Is Turkey Pastrami Good For You? A Nutritious Deli Meat Option

You might think of pastrami as a New York classic, but it originated in Romania where it was made from goose breast, according to Sarah Green of “USA Today.” Pastrami, as most people know it, is made from beef — usually the belly — and is soaked in brine, smoked and steamed to make the tough meat tender. Compared to other deli meats, such as bologna or salami, pastrami is low in both calories and fat, but its high in sodium. Knowing the nutritional breakdown can help you decide how it might fit into your diet plan.

A 1-ounce serving of beef pastrami has 41 calories, which is about the same number of calories in deli turkey and ham, both considered lean, low-calorie sandwich options. If you prefer poultry to beef, the turkey pastrami is also a good low-calorie option with 39 calories per 1-ounce serving. Most Americans eat too many calories, according to the U.S. Department of Agriculture, and including more low-calorie food options can help you cut back and help you better manage your weight.
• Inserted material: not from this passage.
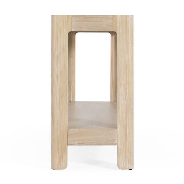 Jeremiah Modern 59 in. Natural Rectangle MDF and Solid Wood Console Table with Storage Shelf, Rounded Corners
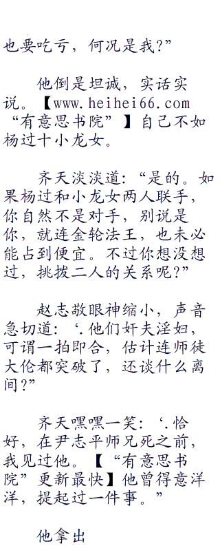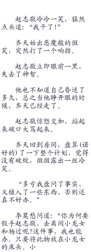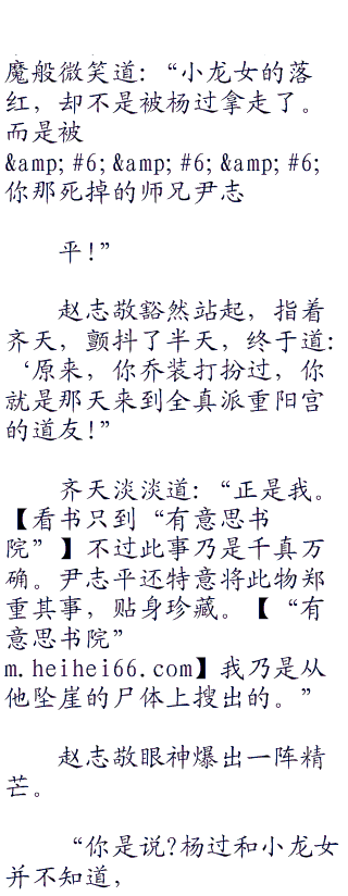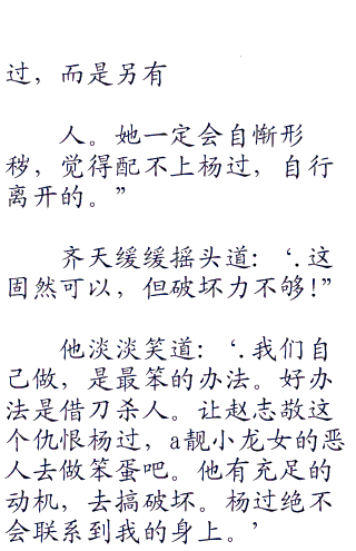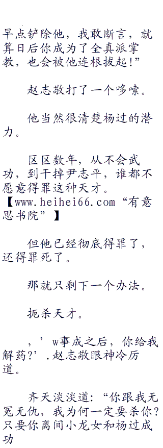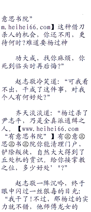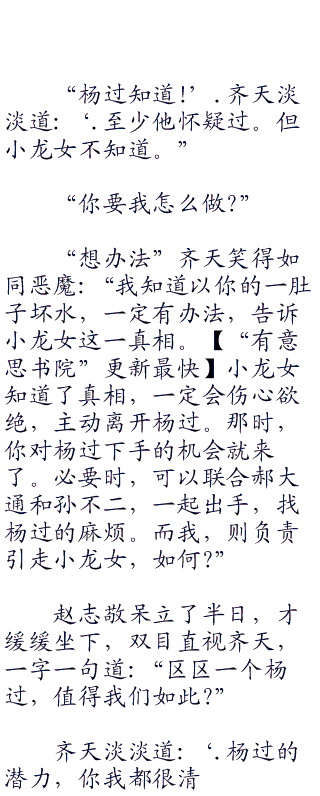 齐天冷冷道:‘.恰好杨过因为尹志平之死,开罪了你全真派,你顺水推舟,即

Turkey pastrami has become an increasingly popular deli meat choice for health-conscious consumers looking for a flavorful sandwich filler or salad topping. But is this smoked and cured turkey really better for you than traditional beef pastrami? Let’s take a closer look at the nutritional profile of turkey pastrami to find out if it deserves a place in a balanced, healthy diet.

What is Turkey Pastrami?

Turkey pastrami starts with raw turkey breast meat that is brined or cured with a salt and spice mixture. This curing process helps add flavor and preserves the meat. After curing, the turkey breast is smoked to give it that distinctive pastrami taste and texture that people know and love. The end result is a deliciously smokey and savory sliced deli meat.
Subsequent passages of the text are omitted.